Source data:
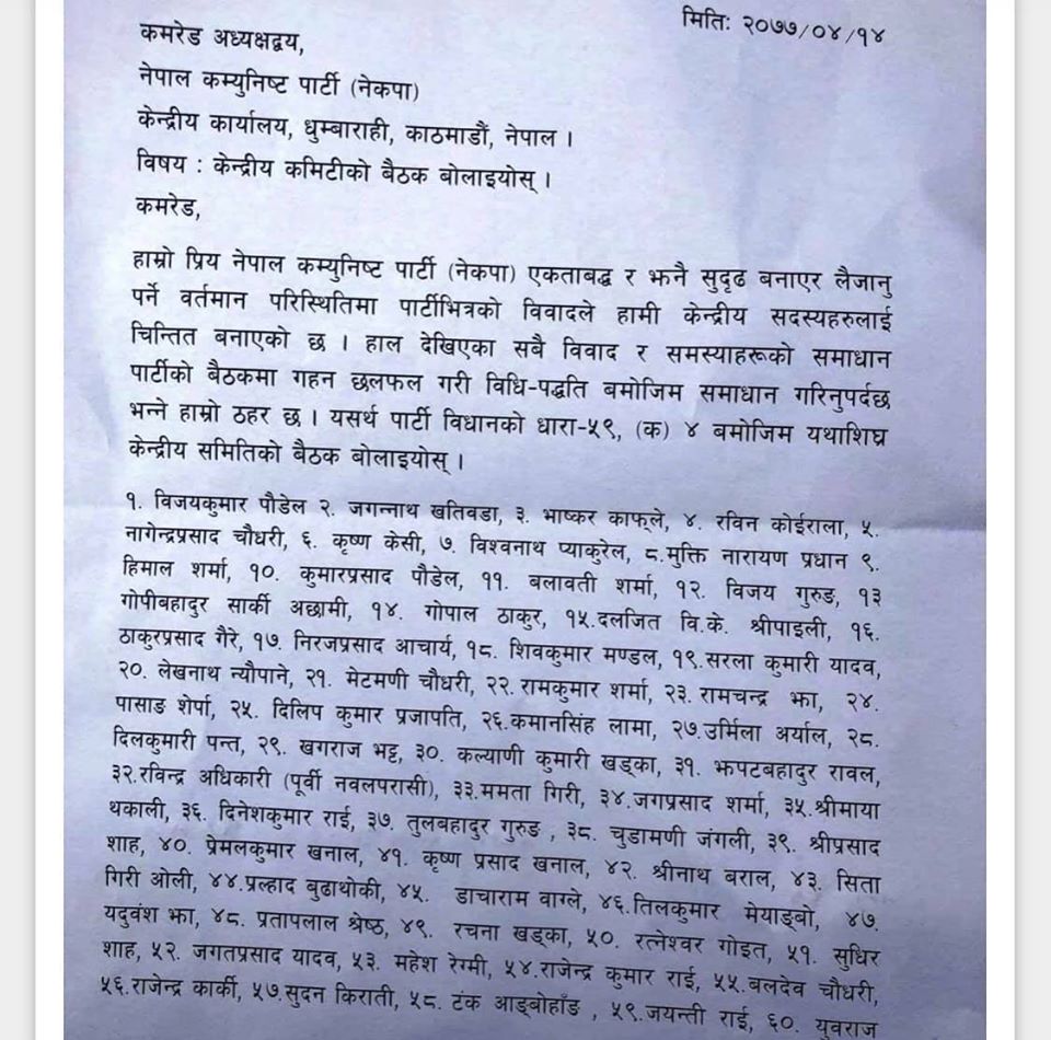 पार्टीमा पछिल्लो समय विवाद बढ्दै गएको तर सचिवालय र स्थायी समितिले त्यसको समाधान निकाल्न नसकेकाले आफूहरुले केन्द्रीय कमिटी बैठकको माग गरेको उनको भनाई छ । नेकपाको विधानअनुसार २५ प्रतिशत अर्थात् १११ जना सदस्यले हस्ताक्षर गरि केन्द्रीय समिति बैठक माग गरे महिना दिनभित्र बैठक बोलाउनु पर्छ।
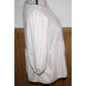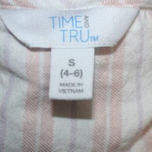 Time and Tru Pink &White Stripe Swiss Dot Blouse Sz S Babydoll Fit Keyhole Back
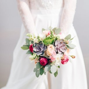 Пожалуй, самый важный элемент, который весь свадебный день будет на виду, попадёт на многие фото и, разумеется, на видео, — это букет невесты. Он должен быть не только красивым, но и удобным для королевы праздника, ведь ей придётся держать его в руках не один час. Кроме того, букет невесты должен обладать достаточной стойкостью, чтобы он не завял ещё до торжественной церемонии во время прогулки и фотосессии.
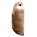 מיכל אבן מלבני לתמרוקים (קוסמטיקה), מאויר בדמות חרוטה של לוחם כנעני
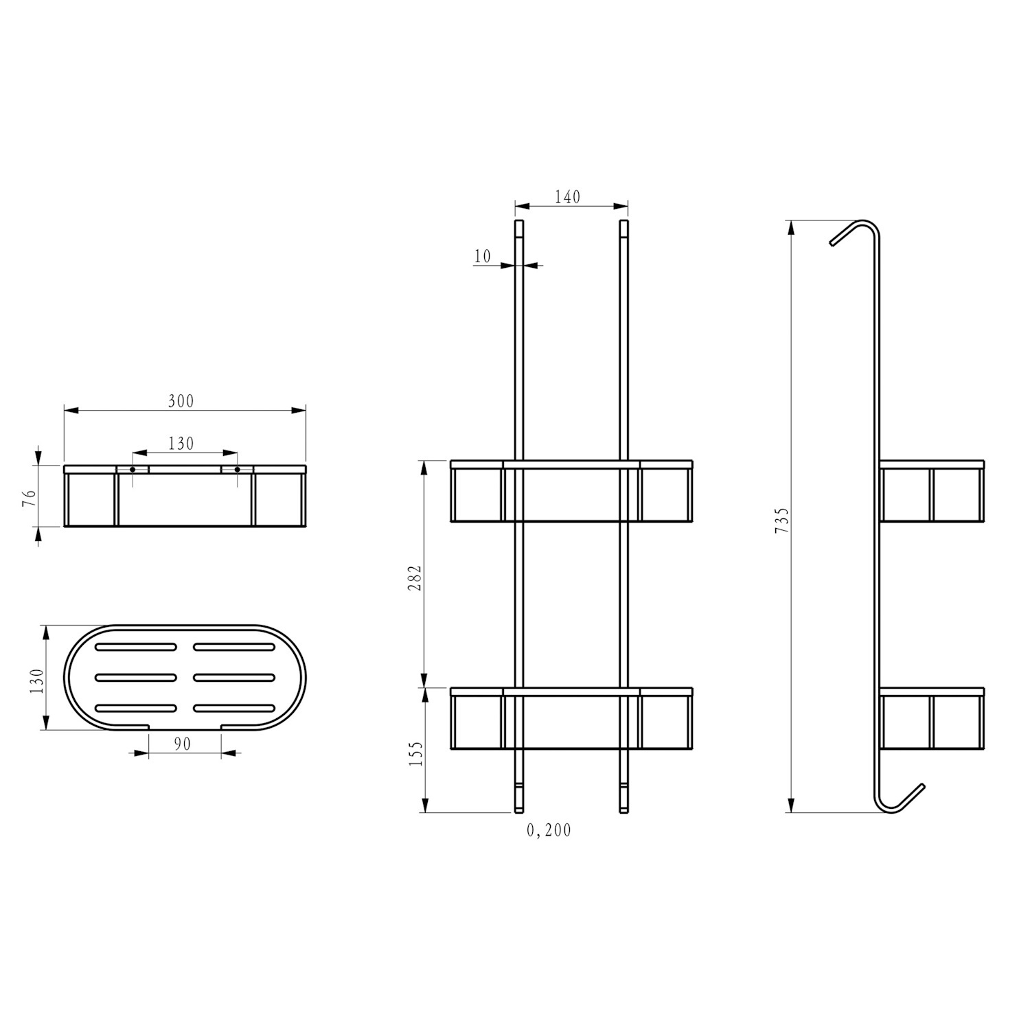 Dit Boss & Wessing doucherek is bedoeld voor ophanging aan uw inloopdouche of douchecabine. Het betreft een doucherek dat is vervaardigd uit geborsteld staal en een totale hoogte van 80 cm heeft. Het doucherek beschikt over twee ophangpunten die u over de douchewand bevestigt. Verder is dit artikel voorzien van twee draadbakjes die genoeg ruimte bieden voor het opbergen van diverse zeepaccessoires.
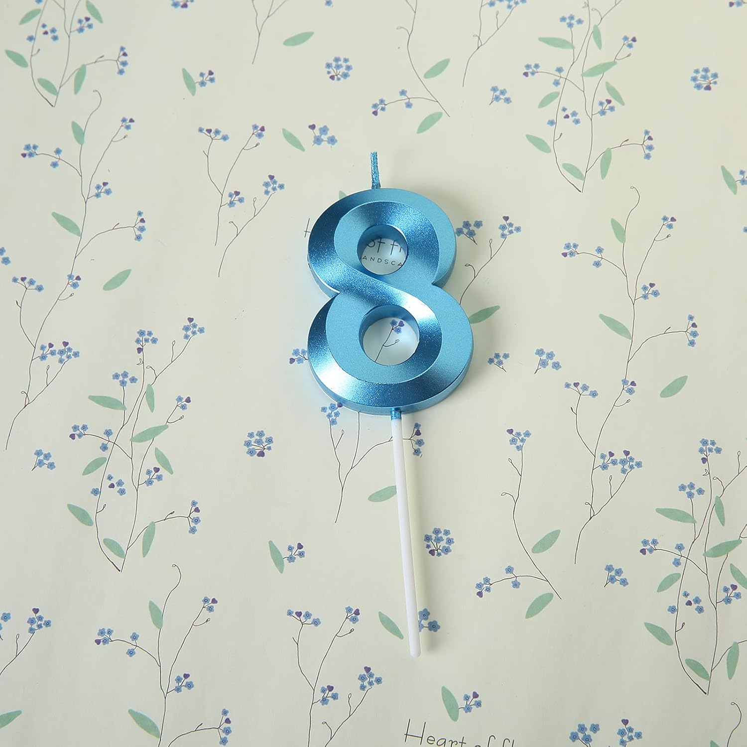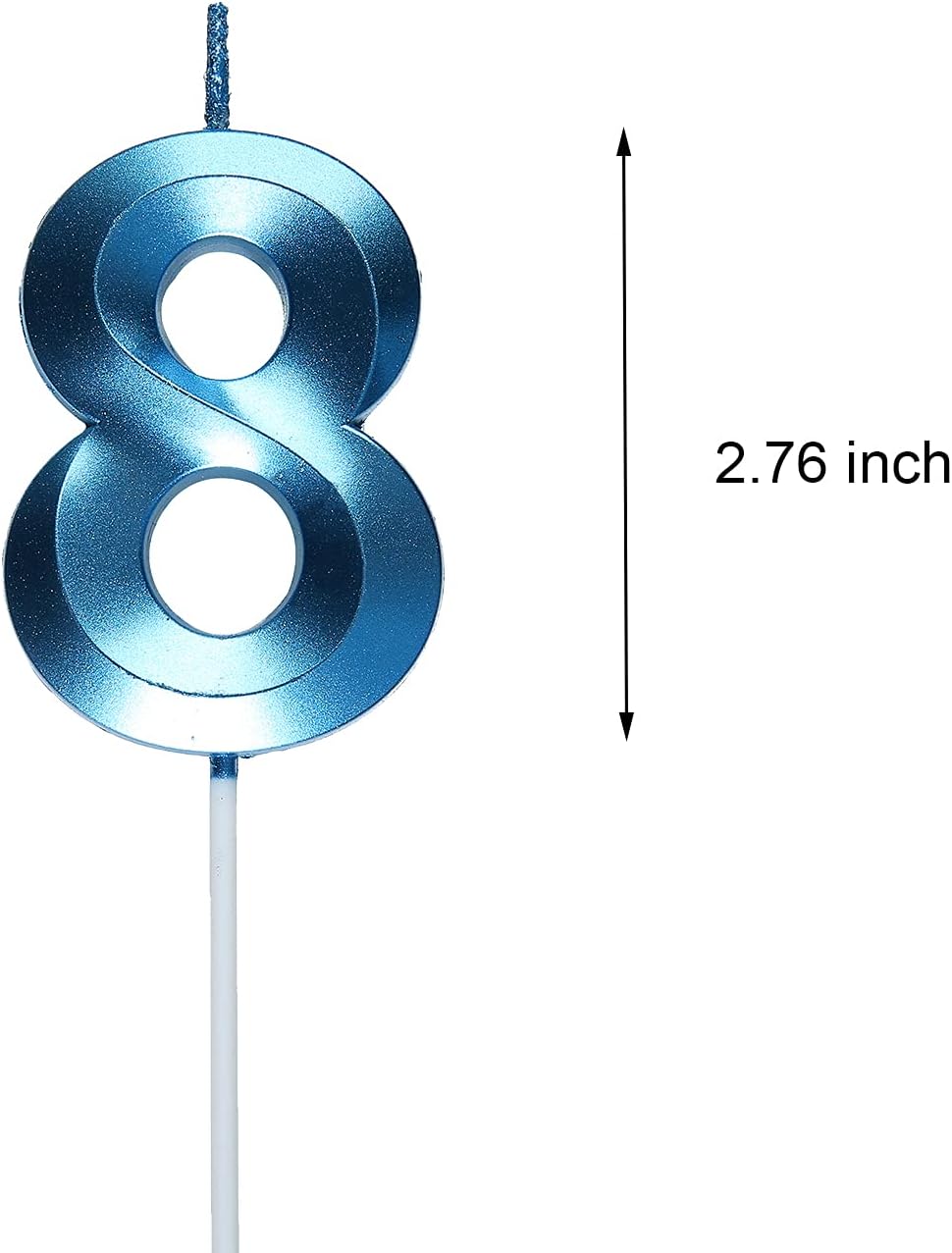 2.76 inch Blue 8 Birthday Candles,3D Number 8th Cake Topper for Birthday Decorations No 18 81 82 83 84 85 86 87 88 89
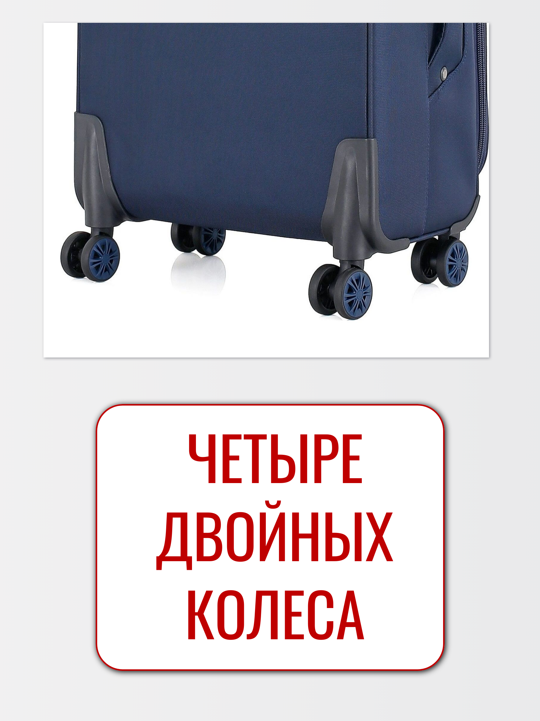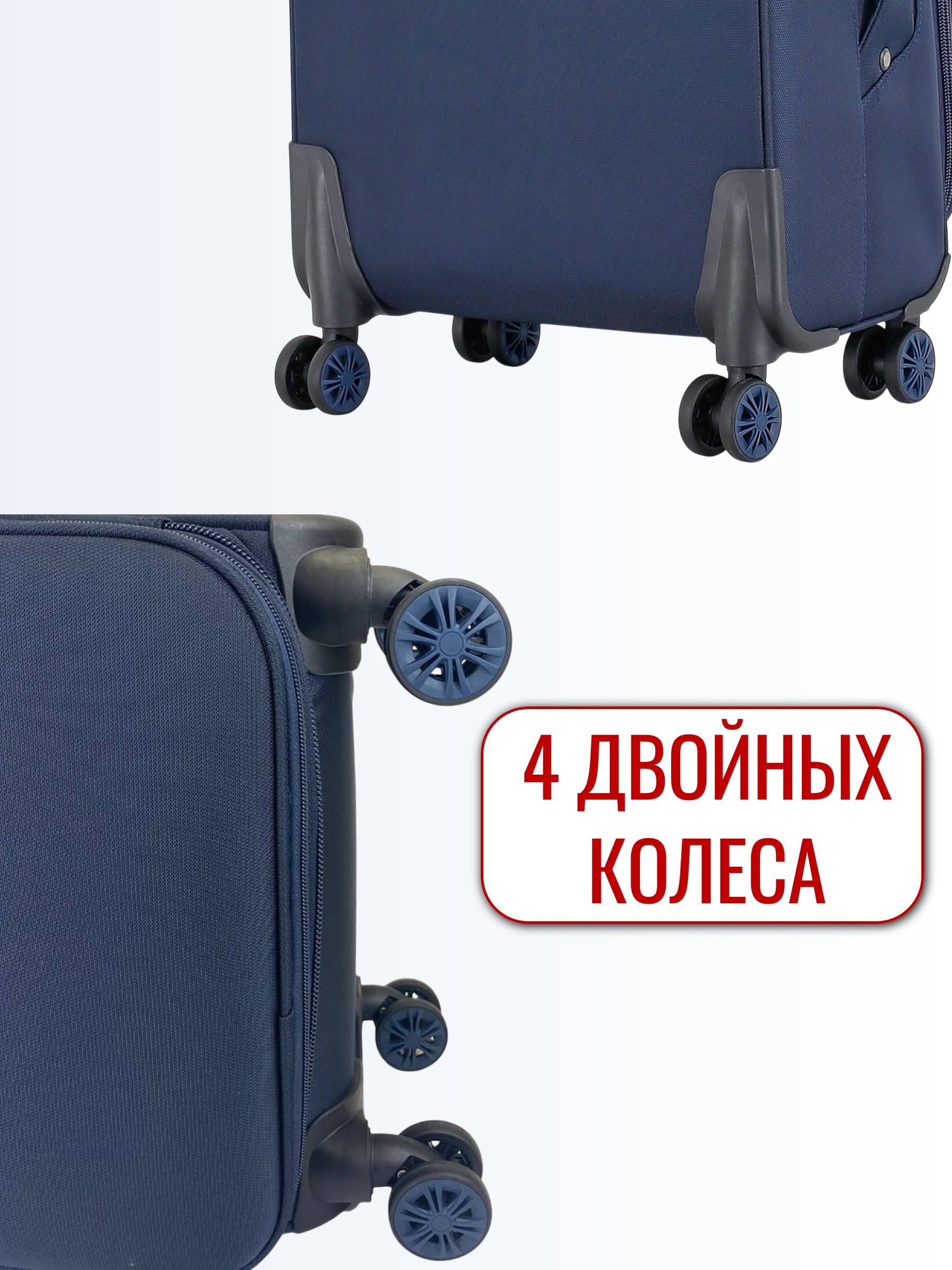 У модели сдвоенные колеса , они более долговечные и манёвренные, чем одинарные, с плавным поворотом на 360 градусов. Их удобно катить и выбирать направление движения на ровной поверхности.

The problem -
A precise copy of each record, with the images removed, should be output.

Answer to this exercise -
 पार्टीमा पछिल्लो समय विवाद बढ्दै गएको तर सचिवालय र स्थायी समितिले त्यसको समाधान निकाल्न नसकेकाले आफूहरुले केन्द्रीय कमिटी बैठकको माग गरेको उनको भनाई छ । नेकपाको विधानअनुसार २५ प्रतिशत अर्थात् १११ जना सदस्यले हस्ताक्षर गरि केन्द्रीय समिति बैठक माग गरे महिना दिनभित्र बैठक बोलाउनु पर्छ।
 Time and Tru Pink &White Stripe Swiss Dot Blouse Sz S Babydoll Fit Keyhole Back
 Пожалуй, самый важный элемент, который весь свадебный день будет на виду, попадёт на многие фото и, разумеется, на видео, — это букет невесты. Он должен быть не только красивым, но и удобным для королевы праздника, ведь ей придётся держать его в руках не один час. Кроме того, букет невесты должен обладать достаточной стойкостью, чтобы он не завял ещё до торжественной церемонии во время прогулки и фотосессии.
 מיכל אבן מלבני לתמרוקים (קוסמטיקה), מאויר בדמות חרוטה של לוחם כנעני
 Dit Boss & Wessing doucherek is bedoeld voor ophanging aan uw inloopdouche of douchecabine. Het betreft een doucherek dat is vervaardigd uit geborsteld staal en een totale hoogte van 80 cm heeft. Het doucherek beschikt over twee ophangpunten die u over de douchewand bevestigt. Verder is dit artikel voorzien van twee draadbakjes die genoeg ruimte bieden voor het opbergen van diverse zeepaccessoires.
 2.76 inch Blue 8 Birthday Candles,3D Number 8th Cake Topper for Birthday Decorations No 18 81 82 83 84 85 86 87 88 89
 У модели сдвоенные колеса , они более долговечные и манёвренные, чем одинарные, с плавным поворотом на 360 градусов. Их удобно катить и выбирать направление движения на ровной поверхности.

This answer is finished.